━━ Exercise inputs ━━

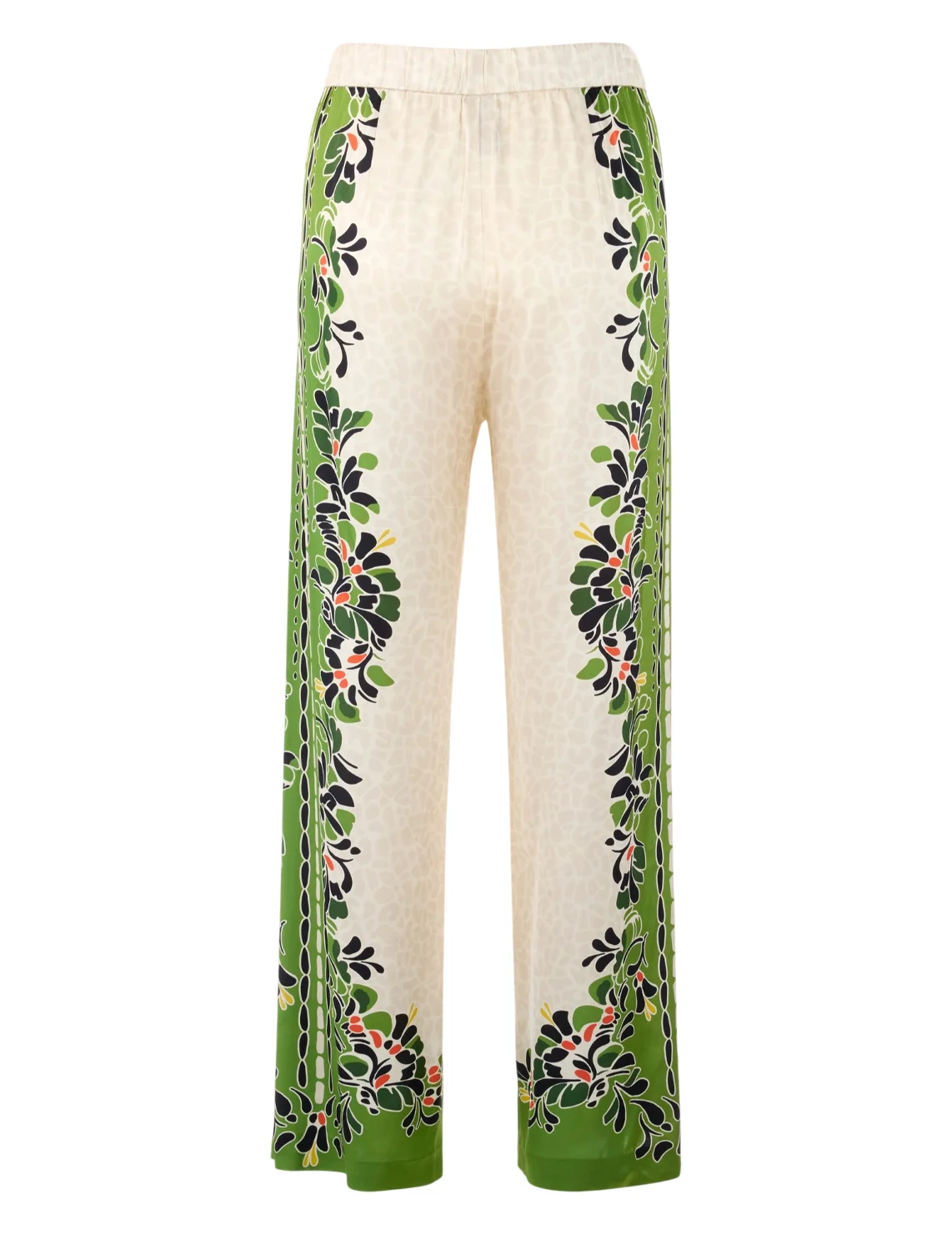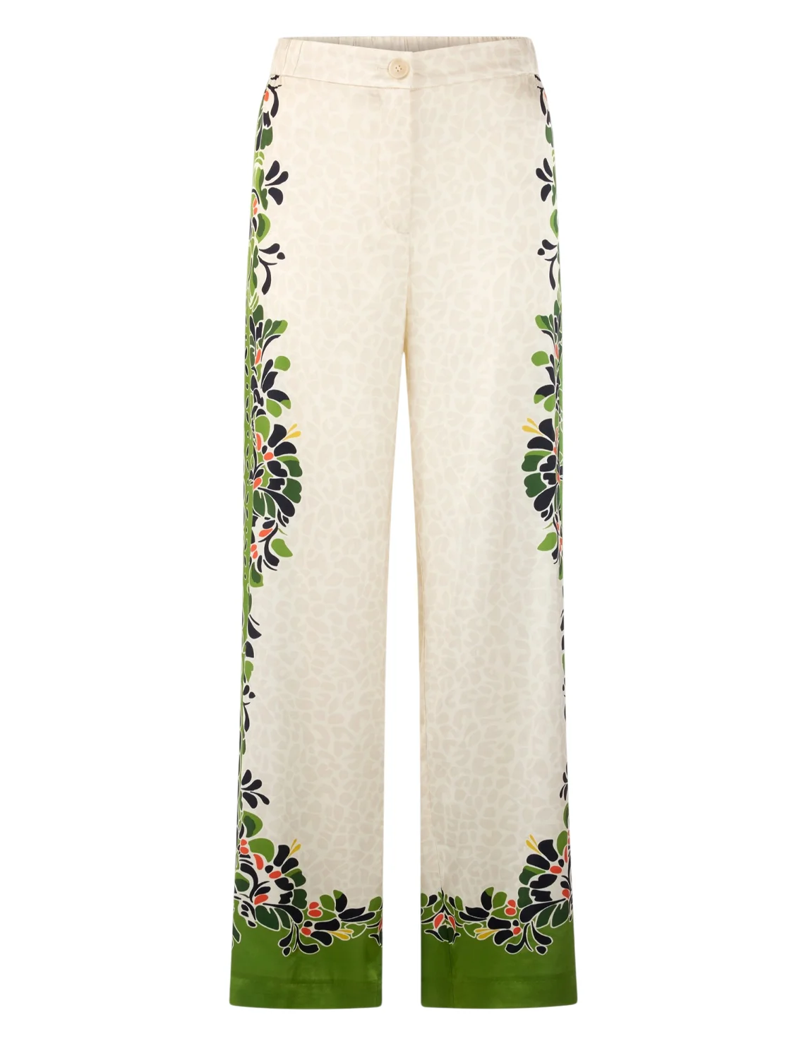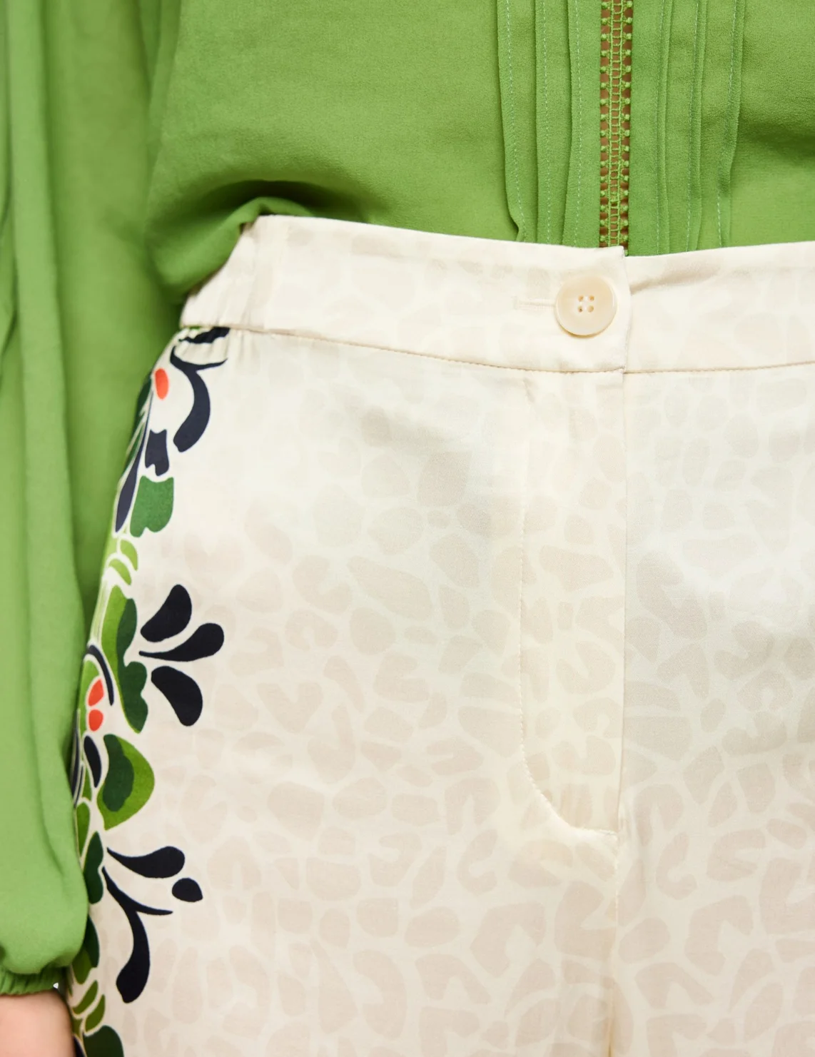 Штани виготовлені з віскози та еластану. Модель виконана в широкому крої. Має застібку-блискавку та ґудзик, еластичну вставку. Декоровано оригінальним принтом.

━━━
━━ Exercise inputs ━━

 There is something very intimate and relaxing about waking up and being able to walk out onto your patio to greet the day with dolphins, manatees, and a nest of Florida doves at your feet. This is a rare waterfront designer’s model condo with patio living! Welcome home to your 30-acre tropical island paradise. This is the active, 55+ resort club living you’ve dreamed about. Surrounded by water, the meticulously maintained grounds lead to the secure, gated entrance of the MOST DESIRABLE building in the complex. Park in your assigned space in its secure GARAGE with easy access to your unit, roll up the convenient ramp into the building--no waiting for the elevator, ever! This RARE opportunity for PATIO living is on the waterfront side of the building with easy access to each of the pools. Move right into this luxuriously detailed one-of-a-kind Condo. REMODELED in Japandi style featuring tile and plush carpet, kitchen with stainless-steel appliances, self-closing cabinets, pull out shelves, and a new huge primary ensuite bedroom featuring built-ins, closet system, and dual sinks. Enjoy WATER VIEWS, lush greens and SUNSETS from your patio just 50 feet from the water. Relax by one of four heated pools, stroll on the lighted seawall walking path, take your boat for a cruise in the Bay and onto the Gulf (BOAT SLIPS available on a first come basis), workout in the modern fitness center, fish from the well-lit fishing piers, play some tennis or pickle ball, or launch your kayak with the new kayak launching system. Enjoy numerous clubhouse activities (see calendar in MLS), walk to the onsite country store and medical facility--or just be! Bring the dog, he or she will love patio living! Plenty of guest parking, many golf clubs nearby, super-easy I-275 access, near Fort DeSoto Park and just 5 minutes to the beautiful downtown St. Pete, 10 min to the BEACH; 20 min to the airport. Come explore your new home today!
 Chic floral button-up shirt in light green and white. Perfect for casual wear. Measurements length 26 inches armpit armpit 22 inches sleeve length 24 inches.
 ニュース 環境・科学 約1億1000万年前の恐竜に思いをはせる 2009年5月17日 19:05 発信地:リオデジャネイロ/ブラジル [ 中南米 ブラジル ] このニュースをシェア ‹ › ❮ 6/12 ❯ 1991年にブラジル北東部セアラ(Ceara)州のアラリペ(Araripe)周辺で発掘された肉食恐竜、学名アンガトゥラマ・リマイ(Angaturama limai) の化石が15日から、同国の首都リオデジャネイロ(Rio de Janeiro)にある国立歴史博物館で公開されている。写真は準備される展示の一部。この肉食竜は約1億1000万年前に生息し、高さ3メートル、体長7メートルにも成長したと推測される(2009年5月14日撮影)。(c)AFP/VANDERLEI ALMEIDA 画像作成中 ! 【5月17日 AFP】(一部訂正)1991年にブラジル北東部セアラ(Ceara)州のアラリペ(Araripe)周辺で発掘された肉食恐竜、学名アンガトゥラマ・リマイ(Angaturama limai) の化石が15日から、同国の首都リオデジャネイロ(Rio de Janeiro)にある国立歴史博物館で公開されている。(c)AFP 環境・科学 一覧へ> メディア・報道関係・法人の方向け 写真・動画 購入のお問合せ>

━━━
━━ Exercise inputs ━━

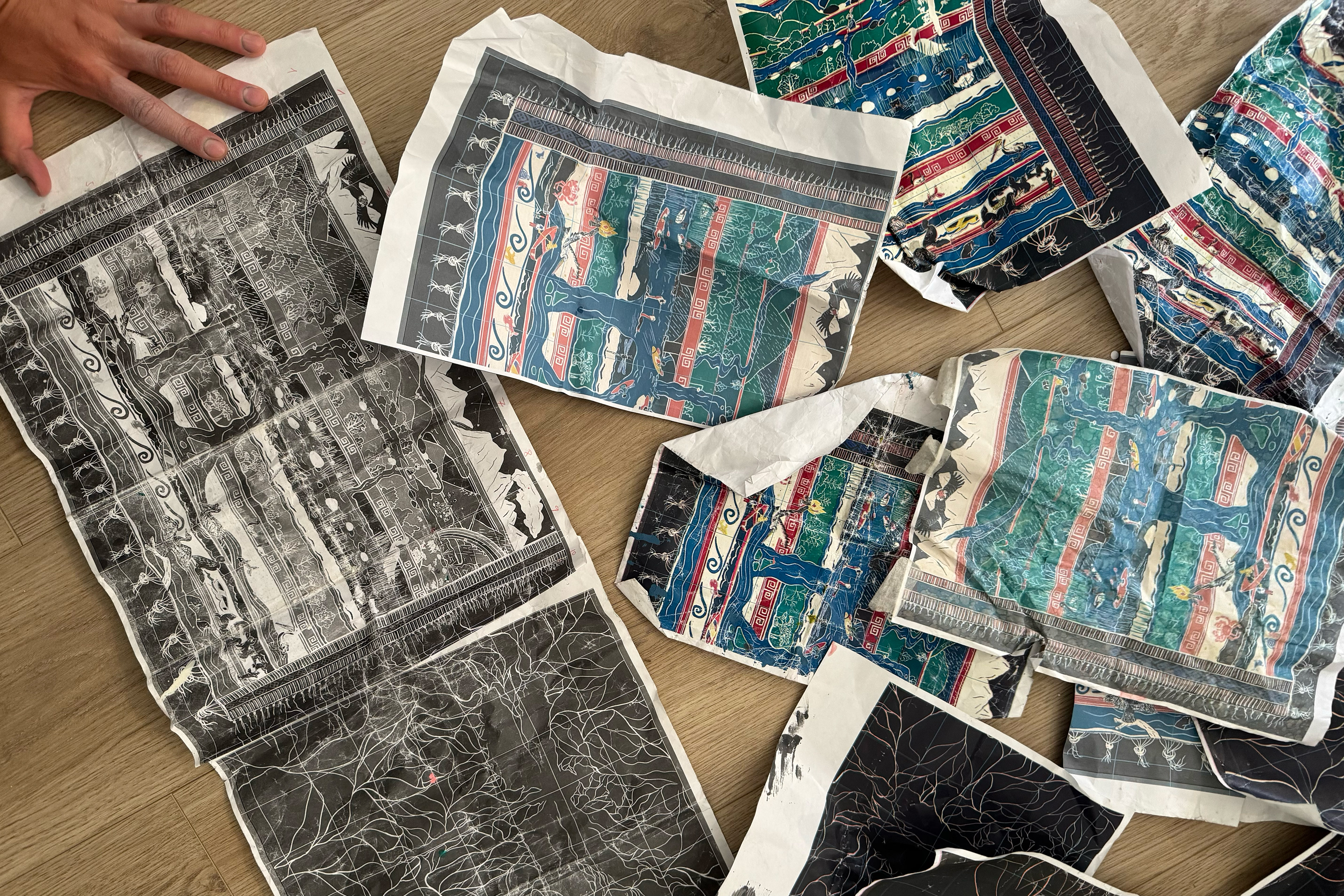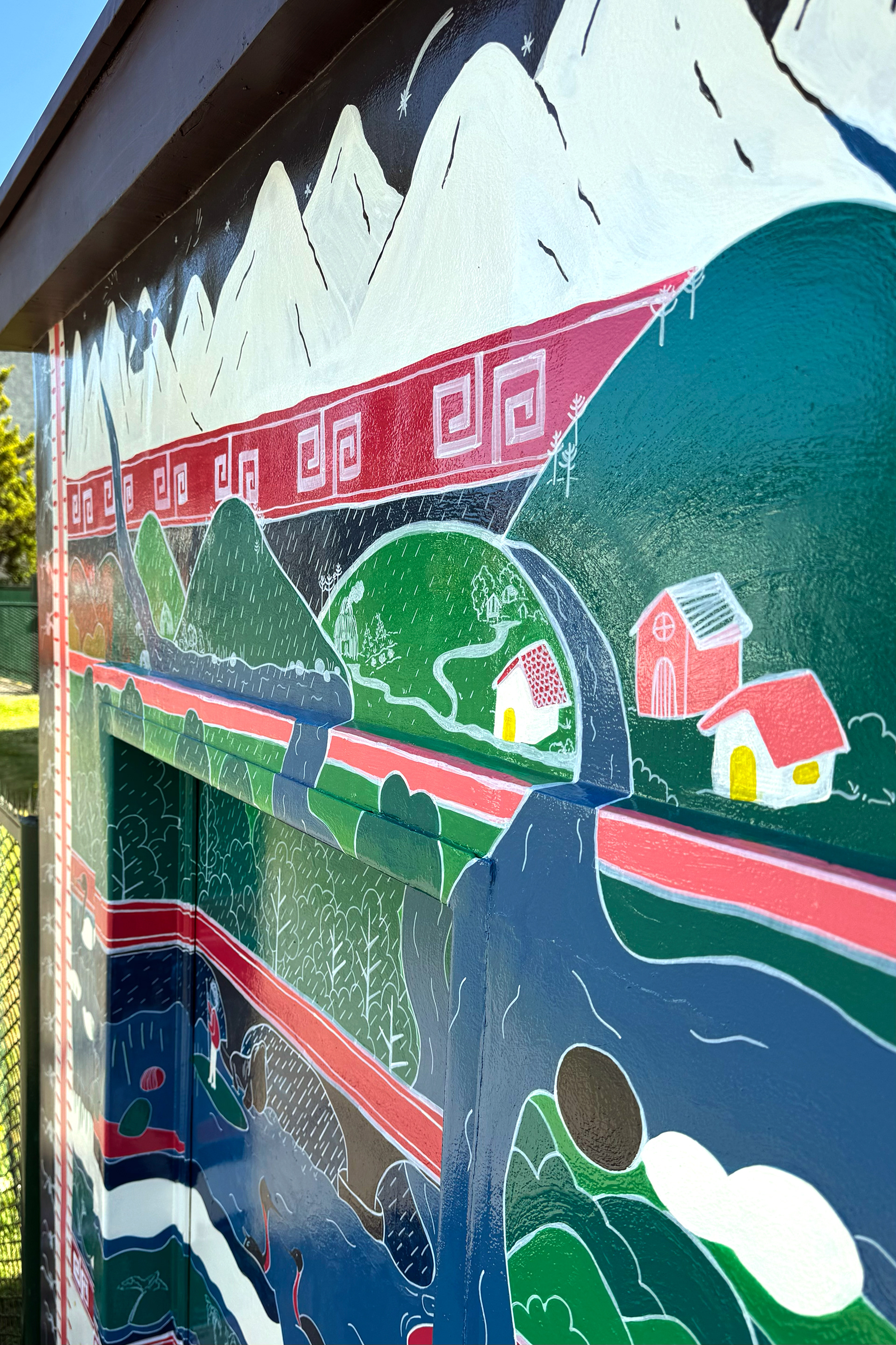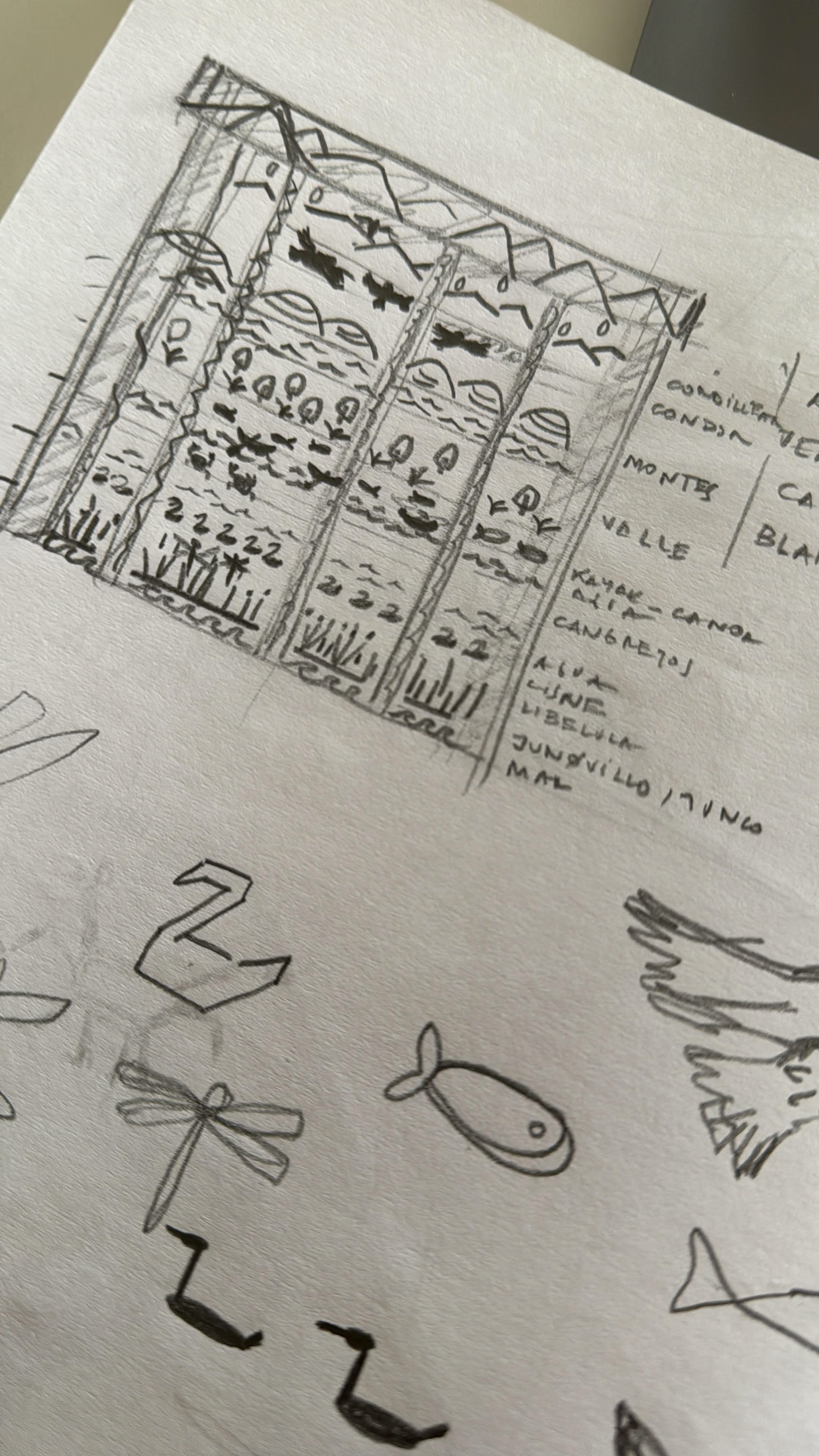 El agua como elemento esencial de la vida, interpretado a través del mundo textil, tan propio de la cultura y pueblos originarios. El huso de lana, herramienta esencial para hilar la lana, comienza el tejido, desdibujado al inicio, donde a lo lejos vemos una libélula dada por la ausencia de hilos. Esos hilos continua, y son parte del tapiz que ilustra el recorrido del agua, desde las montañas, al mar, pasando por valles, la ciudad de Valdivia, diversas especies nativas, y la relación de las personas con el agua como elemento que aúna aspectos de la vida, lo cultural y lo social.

━━━

## How to complete this task
Print, without alteration, only the lines above between the one holding "Chic floral button-up" and the one holding "ニュース 環境・科学 約1億1000万年前の恐竜に思いをはせる", inclusive.

## Answer
 Chic floral button-up shirt in light green and white. Perfect for casual wear. Measurements length 26 inches armpit armpit 22 inches sleeve length 24 inches.
 ニュース 環境・科学 約1億1000万年前の恐竜に思いをはせる 2009年5月17日 19:05 発信地:リオデジャネイロ/ブラジル [ 中南米 ブラジル ] このニュースをシェア ‹ › ❮ 6/12 ❯ 1991年にブラジル北東部セアラ(Ceara)州のアラリペ(Araripe)周辺で発掘された肉食恐竜、学名アンガトゥラマ・リマイ(Angaturama limai) の化石が15日から、同国の首都リオデジャネイロ(Rio de Janeiro)にある国立歴史博物館で公開されている。写真は準備される展示の一部。この肉食竜は約1億1000万年前に生息し、高さ3メートル、体長7メートルにも成長したと推測される(2009年5月14日撮影)。(c)AFP/VANDERLEI ALMEIDA 画像作成中 ! 【5月17日 AFP】(一部訂正)1991年にブラジル北東部セアラ(Ceara)州のアラリペ(Araripe)周辺で発掘された肉食恐竜、学名アンガトゥラマ・リマイ(Angaturama limai) の化石が15日から、同国の首都リオデジャネイロ(Rio de Janeiro)にある国立歴史博物館で公開されている。(c)AFP 環境・科学 一覧へ> メディア・報道関係・法人の方向け 写真・動画 購入のお問合せ>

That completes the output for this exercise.